Data shown: Begin

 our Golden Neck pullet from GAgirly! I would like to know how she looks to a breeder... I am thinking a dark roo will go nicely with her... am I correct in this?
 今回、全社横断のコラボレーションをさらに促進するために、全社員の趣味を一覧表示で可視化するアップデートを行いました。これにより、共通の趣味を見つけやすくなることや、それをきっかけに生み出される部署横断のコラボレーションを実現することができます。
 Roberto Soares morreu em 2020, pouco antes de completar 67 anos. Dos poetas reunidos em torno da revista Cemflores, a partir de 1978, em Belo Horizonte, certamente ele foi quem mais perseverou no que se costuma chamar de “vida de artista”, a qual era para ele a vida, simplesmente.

Data shown: End
Data shown: Begin

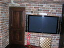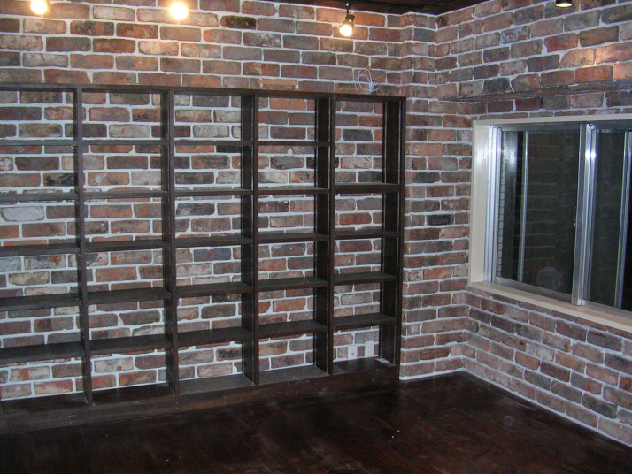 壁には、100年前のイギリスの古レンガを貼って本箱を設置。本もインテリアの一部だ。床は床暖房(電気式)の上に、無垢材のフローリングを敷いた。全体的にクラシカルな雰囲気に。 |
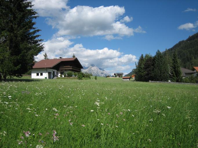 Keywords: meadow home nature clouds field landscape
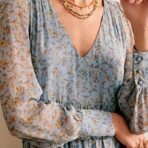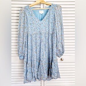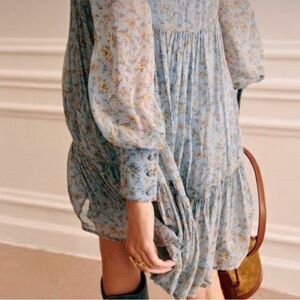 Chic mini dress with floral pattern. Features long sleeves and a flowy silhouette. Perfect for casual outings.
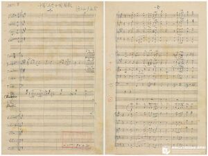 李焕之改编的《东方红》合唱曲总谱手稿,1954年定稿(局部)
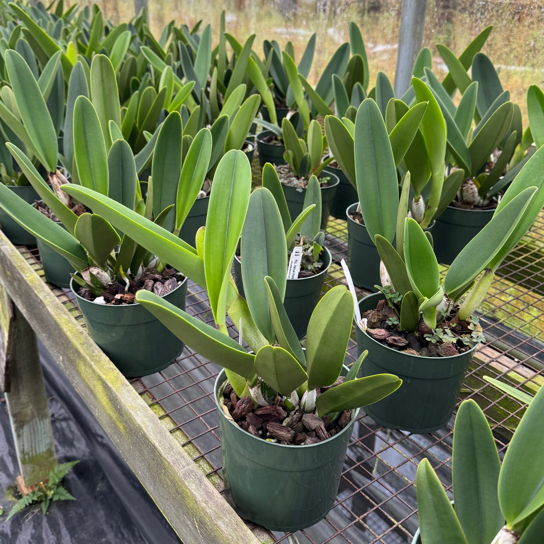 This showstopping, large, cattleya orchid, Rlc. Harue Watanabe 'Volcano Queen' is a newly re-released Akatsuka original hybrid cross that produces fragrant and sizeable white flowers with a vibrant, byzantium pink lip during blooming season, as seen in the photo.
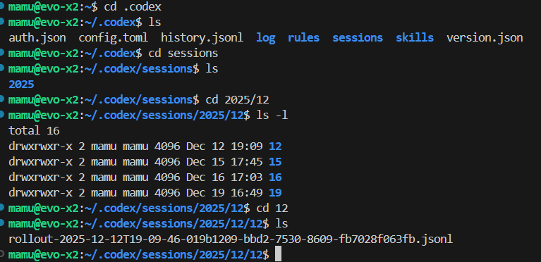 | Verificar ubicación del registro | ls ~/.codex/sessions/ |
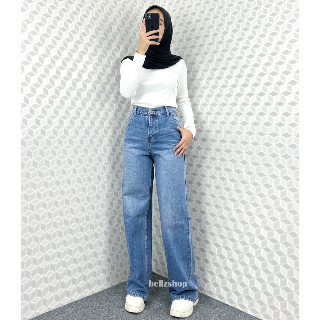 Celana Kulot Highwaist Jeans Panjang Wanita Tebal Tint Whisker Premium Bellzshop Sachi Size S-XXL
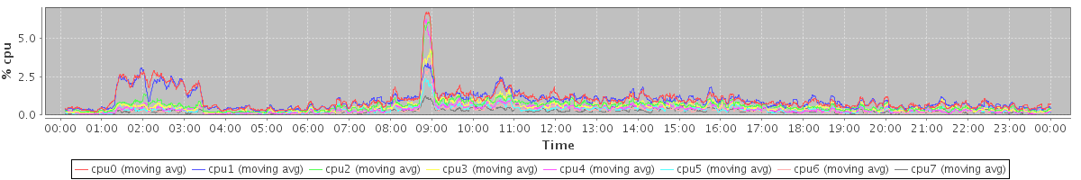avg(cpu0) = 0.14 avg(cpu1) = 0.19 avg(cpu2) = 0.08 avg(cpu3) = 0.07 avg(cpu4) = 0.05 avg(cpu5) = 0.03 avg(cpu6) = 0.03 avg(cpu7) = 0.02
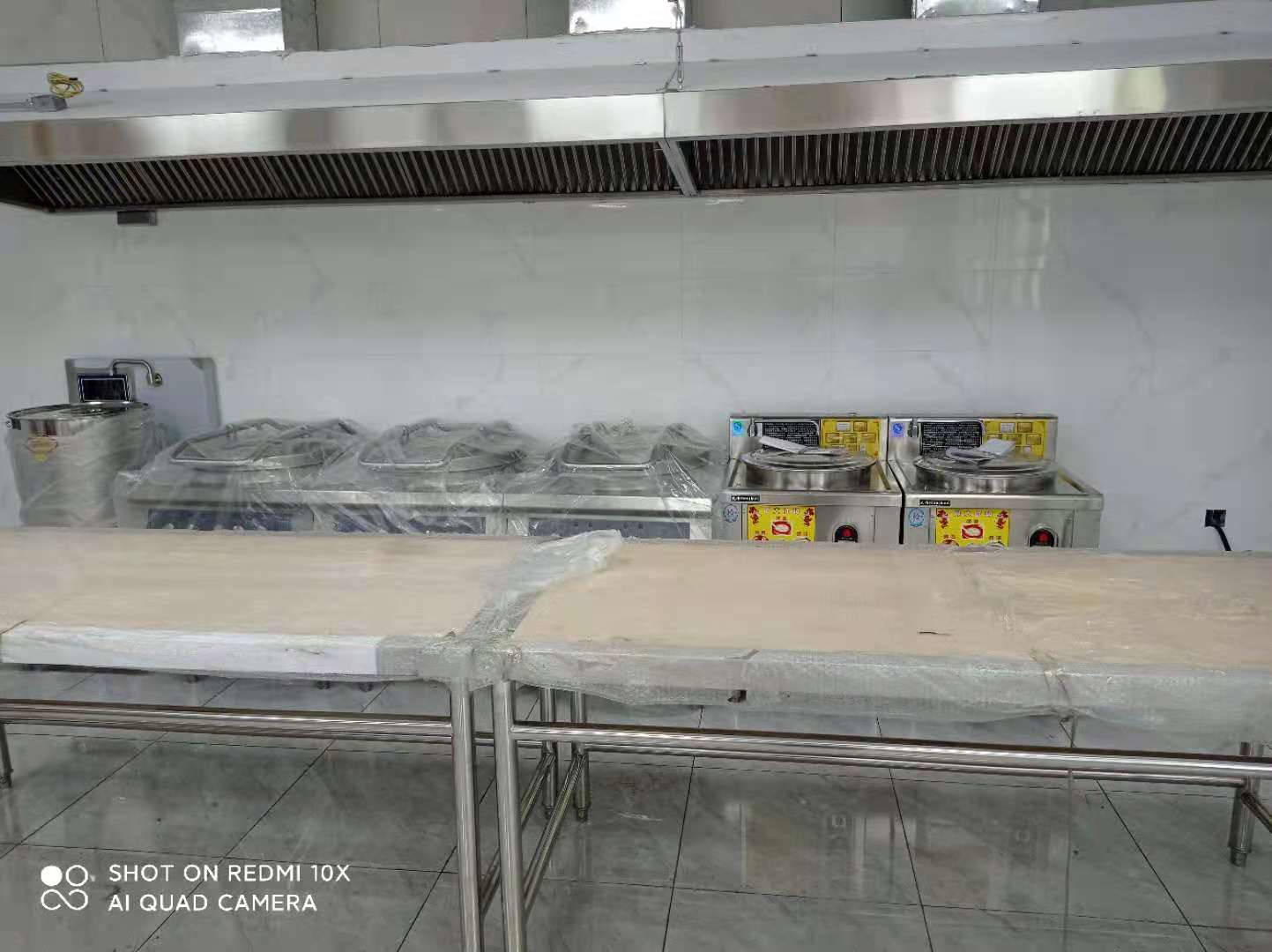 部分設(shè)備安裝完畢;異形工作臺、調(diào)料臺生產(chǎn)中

Data shown: End
Data shown: Begin

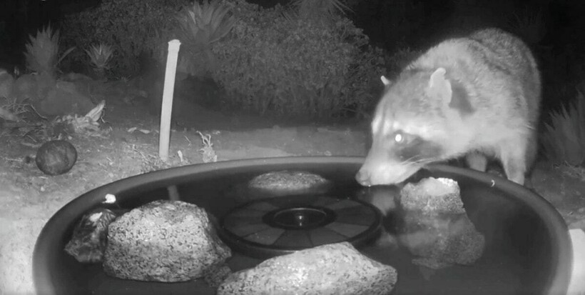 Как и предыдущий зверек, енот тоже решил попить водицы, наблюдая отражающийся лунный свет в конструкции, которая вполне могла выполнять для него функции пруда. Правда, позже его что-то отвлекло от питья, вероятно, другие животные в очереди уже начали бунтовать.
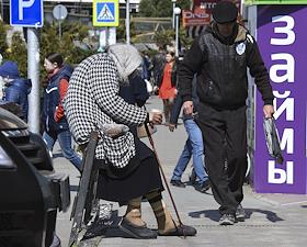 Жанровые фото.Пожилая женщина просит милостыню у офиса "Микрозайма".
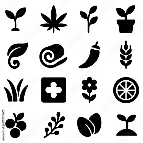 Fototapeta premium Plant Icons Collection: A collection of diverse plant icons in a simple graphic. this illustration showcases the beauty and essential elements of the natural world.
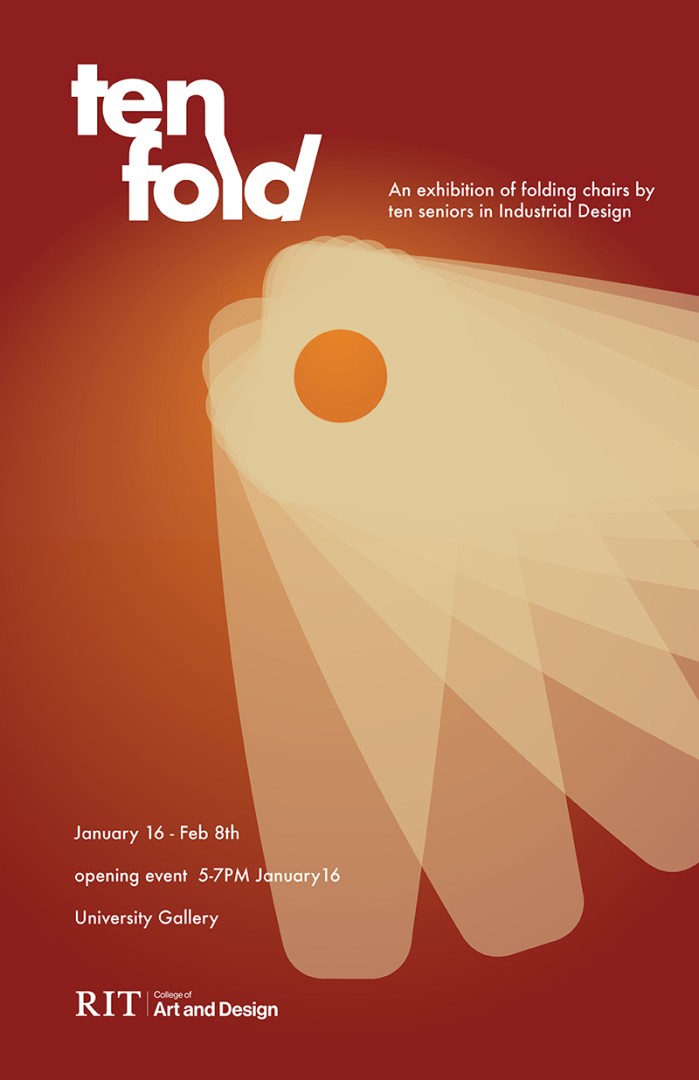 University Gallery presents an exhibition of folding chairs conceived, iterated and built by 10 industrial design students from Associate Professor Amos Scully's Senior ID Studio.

Data shown: End

Task item ▸ Using the data above, which lines fall from the one with "Celana Kulot Highwaist" through the one with "部分設(shè)備安裝完畢;異形工作臺、調(diào)料臺生產(chǎn)中"? Repeat them exactly, ends included, minus any pictures.

Result of this task ▸
 Celana Kulot Highwaist Jeans Panjang Wanita Tebal Tint Whisker Premium Bellzshop Sachi Size S-XXL
avg(cpu0) = 0.14 avg(cpu1) = 0.19 avg(cpu2) = 0.08 avg(cpu3) = 0.07 avg(cpu4) = 0.05 avg(cpu5) = 0.03 avg(cpu6) = 0.03 avg(cpu7) = 0.02
 部分設(shè)備安裝完畢;異形工作臺、調(diào)料臺生產(chǎn)中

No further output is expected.